Let *X* and *Y* be two random variables, and \(\mathbf {Z}\) be a (possibly empty) set of random variables. *X* and *Y* are conditionally independent given \(\mathbf {Z}\), if \(P(X,Y|\mathbf {Z}) = P(X|\mathbf {Z}) \cdot P(Y|\mathbf {Z})\) holds for all values of *X*, *Y*, and \(\mathbf {Z}\). Equivalently, conditional independence of *X* and *Y* given \(\mathbf {Z}\) implies \(P(X|Y,\mathbf {Z}) = P(X|\mathbf {Z})\) and \(P(Y|X,\mathbf {Z}) = P(Y|\mathbf {Z})\). Such statements can be tested using conditional independence tests. Examples of commonly employed conditional independence tests are the partial correlation test [3] for continuous multivariate Gaussian variables, and the *G* test and the (asymptotically equivalent) \(X^2\) test [1, 37] for categorical variables. All aforementioned tests are either likelihood-ratio tests or approximations of them; see [8] for the relation of partial correlation test and *F* test, and [1] for the connections of the *G* test to log-linear models and likelihood-ratio tests.
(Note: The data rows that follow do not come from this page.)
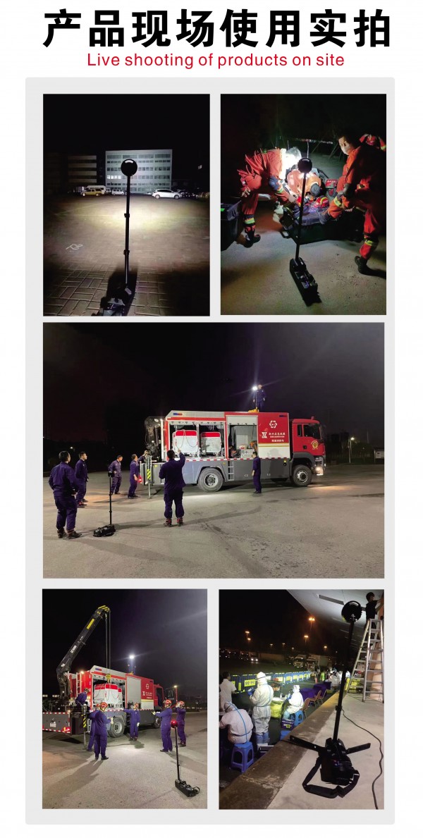 2、重量轻,整体重量6Kg,可手提、肩背,携带更轻便, 最大升起高度1.2米,可作固定照明使用,亦可折叠作探照灯使用。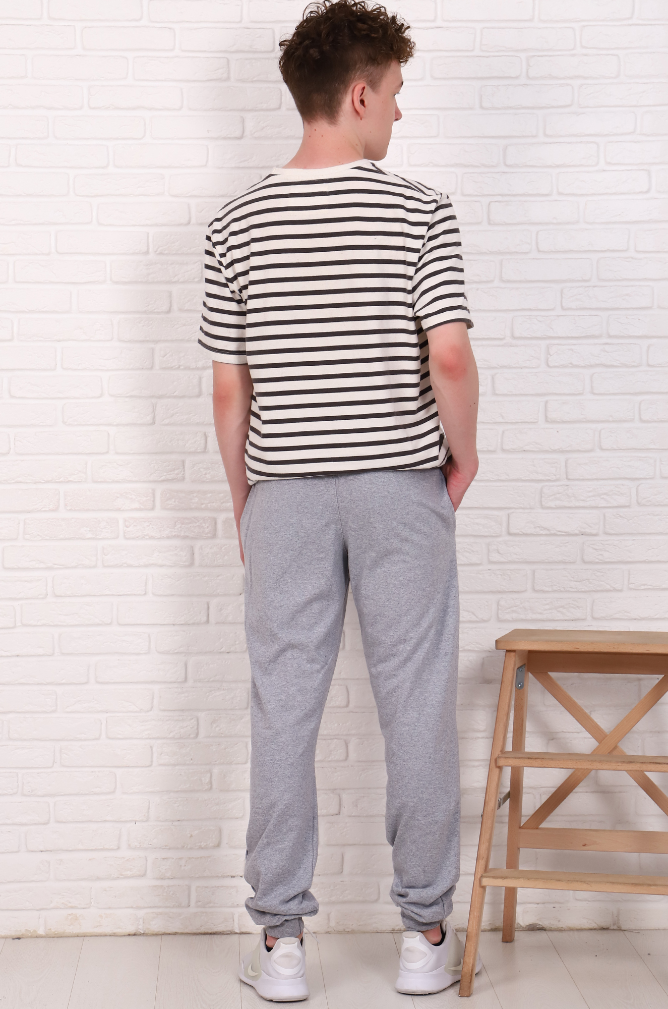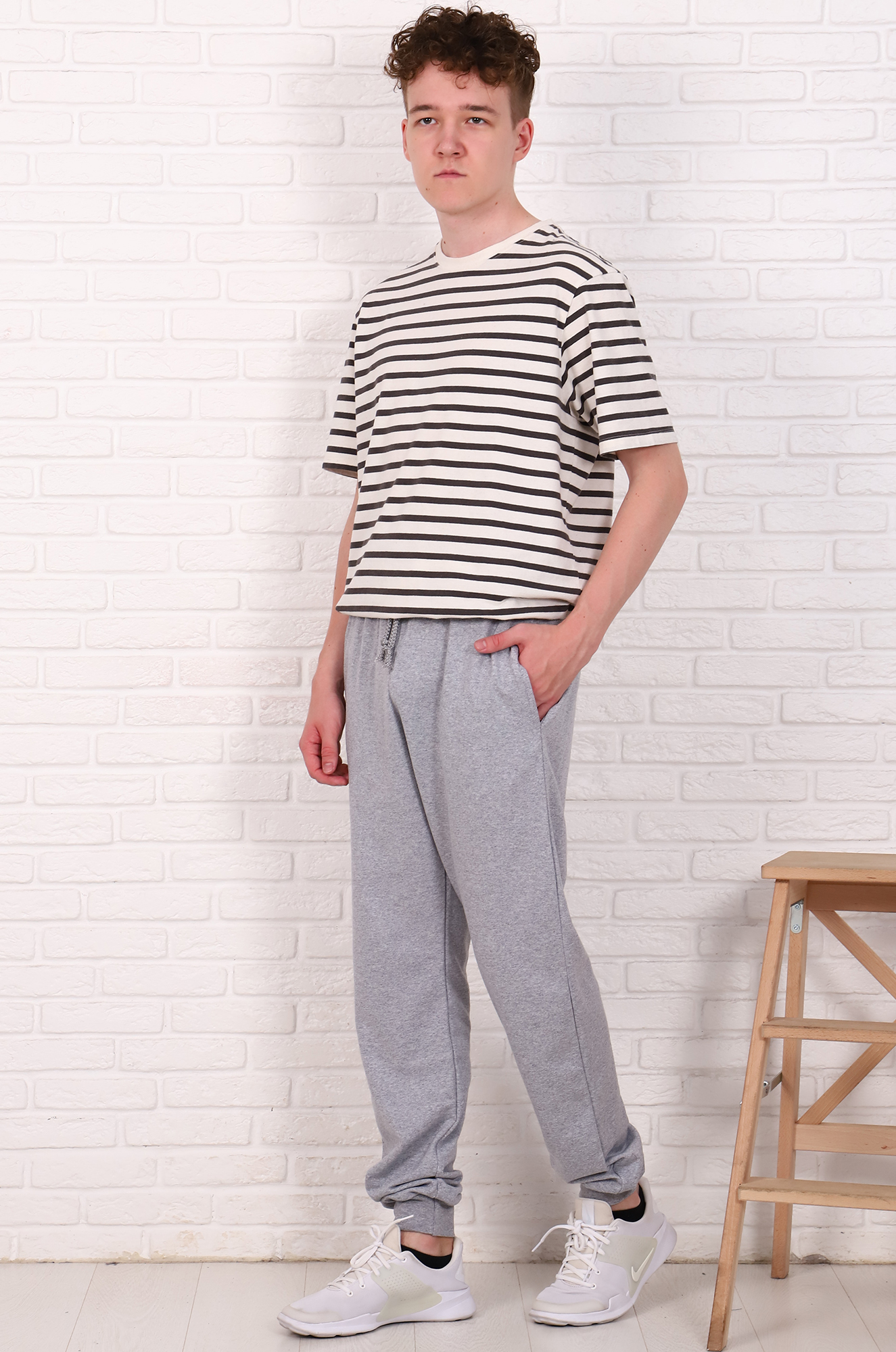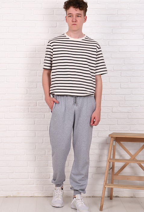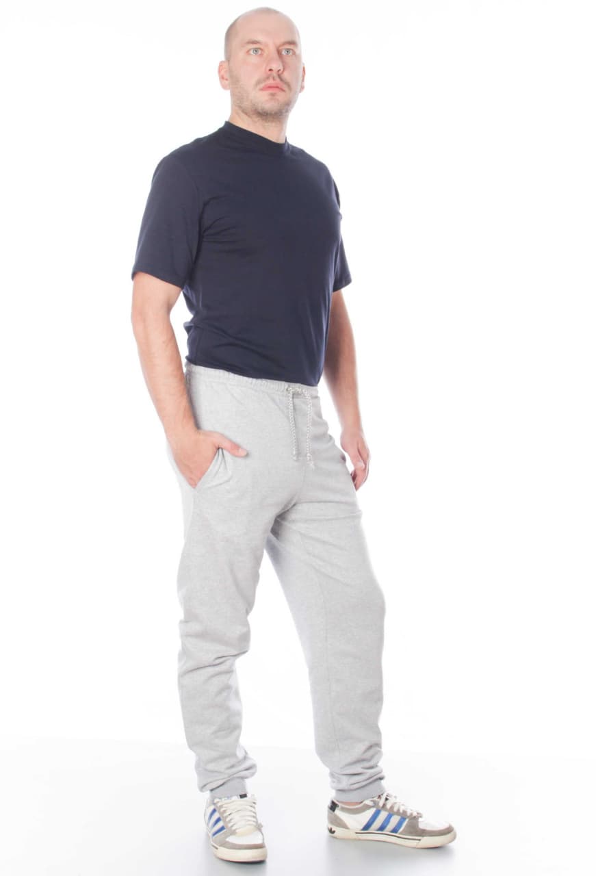 Мужские спортивные брюки на манжетах из облегчённого футера с небольшим начесом, плотностью 190 г/м2. Пояс на резинке и шнурок, боковые карманы.
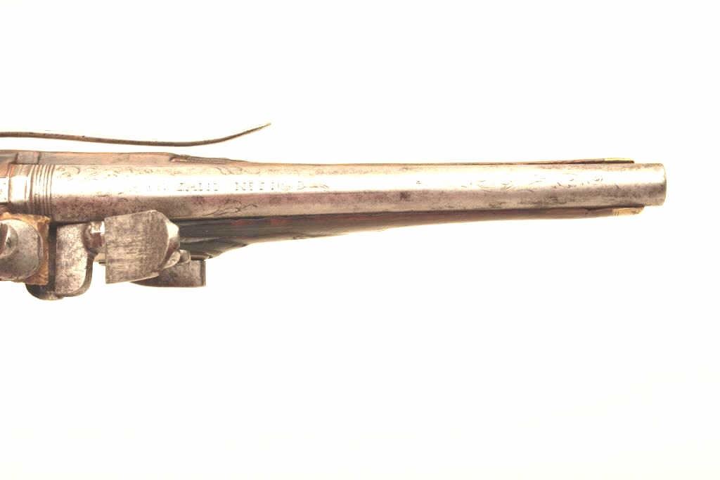 Pair of snaphance flintlock pistols by Giovanni Zambonetti circa 18th century with gilded brass engraved mounts formerly Joe Kundig collection. Measures 14” overall with 8 ¼” barrels of .44 smoothbore. Fineengraving and beautifully chiseled and sculptured frizzen with heads and piercing. (Antique) Est.: $3,000-$6,000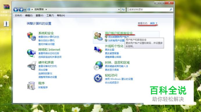 选择查看方式“类别”,找到“用户账号和家庭安全”点击进入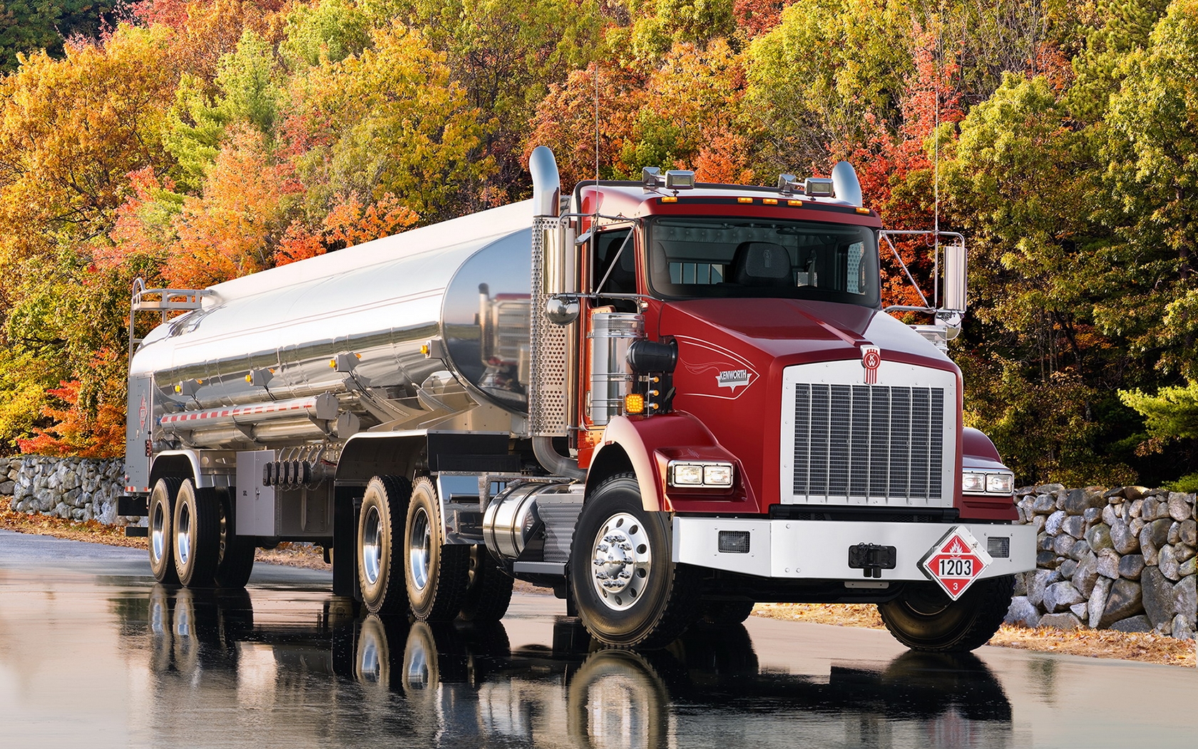 Description: A red and white truck driving down a road next to a forest of trees with fall colors on the trees.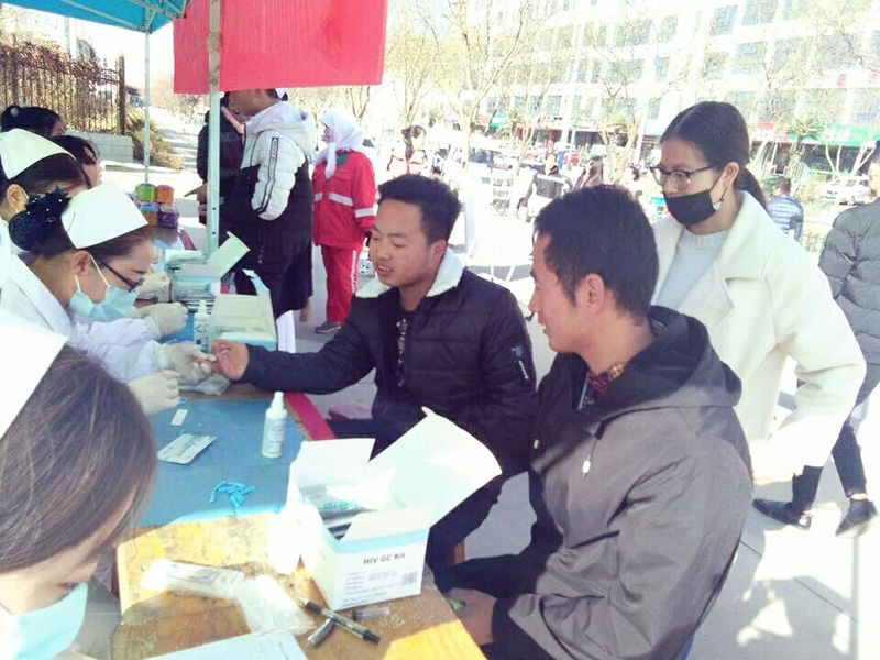 11月17日開始利用周末時(shí)間在武威文化廣場(chǎng)、武威職業(yè)學(xué)院門口等地開展了免費(fèi)檢測(cè)艾滋病與知艾防艾知識(shí)宣傳活動(dòng)。活動(dòng)吸引了廣大師生及路人,組織井然有序,活動(dòng)場(chǎng)面顯得忙而不亂。在護(hù)理系紅絲帶協(xié)會(huì)志愿者與武威市疾控中心人員嫻熟的操作下,通過指尖采血,HIV病毒膠體金法檢測(cè),共檢測(cè)了80余人,檢測(cè)速度快,精準(zhǔn)度高。檢測(cè)結(jié)束后,向檢測(cè)者贈(zèng)送活動(dòng)宣傳紀(jì)念品。此次檢測(cè)活動(dòng)采取保密制,保護(hù)檢測(cè)者的一切信息。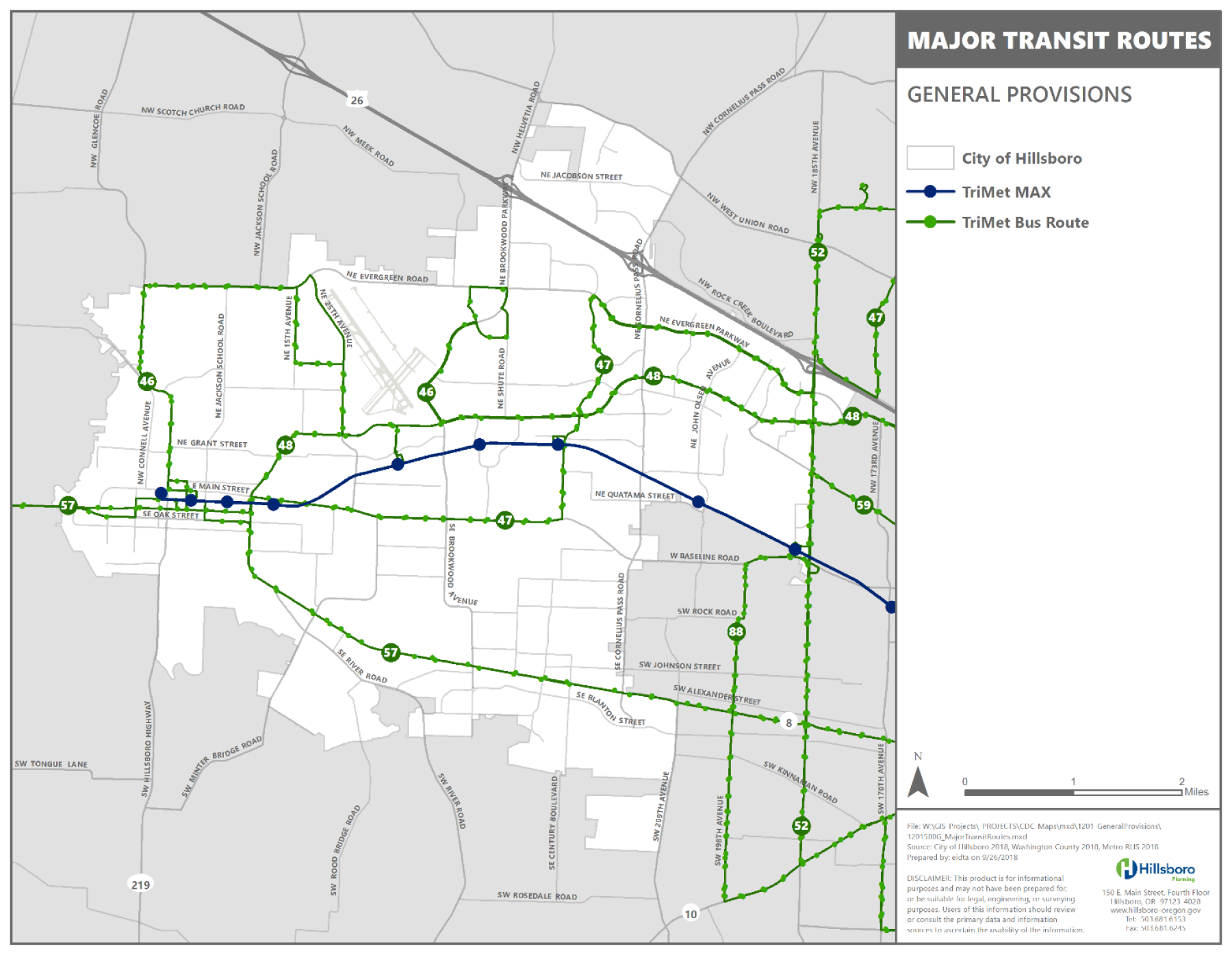 Transit Route, Major. A transit route which serves areas planned and zoned for higher population and employment densities such as Metro 2040-designated regional centers, town centers, employment centers, main streets, station communities, and corridors. As used in this definition, "major transit routes" are limited to the streets shown on Figure 12.01.500-G:
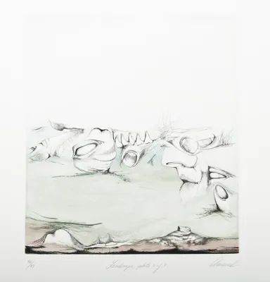Edition Handpresse Gutsch. 1985. Nr. 12/100, signed by the artist. Folio in clothbacked cassette.

Likelihood-ratio tests, or asymptotically equivalent approximations thereof such as score tests or Wald tests, can be used to compare the goodness-of-fit of nested statistical models. Examples of statistical models are linear regression, binary logistic regression, multinomial regression, and ordinal regression. Two models are called nested, if one model is a special case of the other. Let \(M_0\) (reduced model) be a model for *X* using \(\mathbf {Z}\), and \(M_1\) (full model) be a model for *X* using \(Y \cup \mathbf {Z}\). \(M_0\) is nested within \(M_1\), as \(M_1\) can be transformed into \(M_0\) by simply setting the coefficients of *Y* to zero. We proceed with a brief description of the likelihood-ratio test; implementation details are considered in Sect. 2.3. Let \(\textsc {LL}(M)\) be the log-likelihood of a model *M*, and let \(\textsc {Par}(M)\) be the number of parameters in *M*. The test statistic *T* of a nested likelihood-ratio test between \(M_0\) and \(M_1\) equals \(T = 2 \cdot (\textsc {LL}(M_1) - \textsc {LL}(M_0))\) and follows asymptotically a \(\chi ^2\) distribution with \(\textsc {Par}(M_1) - \textsc {Par}(M_0)\) degrees of freedom [42]. It is important to note that this result assumes that the larger hypothesis \(M_1\) is correctly specified, that is, that its assumptions are met (such as functional form and distribution assumption) and that all necessary variables are included. In case of model misspecification, the likelihood-ratio test statistic follows a different distribution [12] and should be handled appropriately [40, 41]. This topic is out of the scope of the current paper and will not be further considered hereafter.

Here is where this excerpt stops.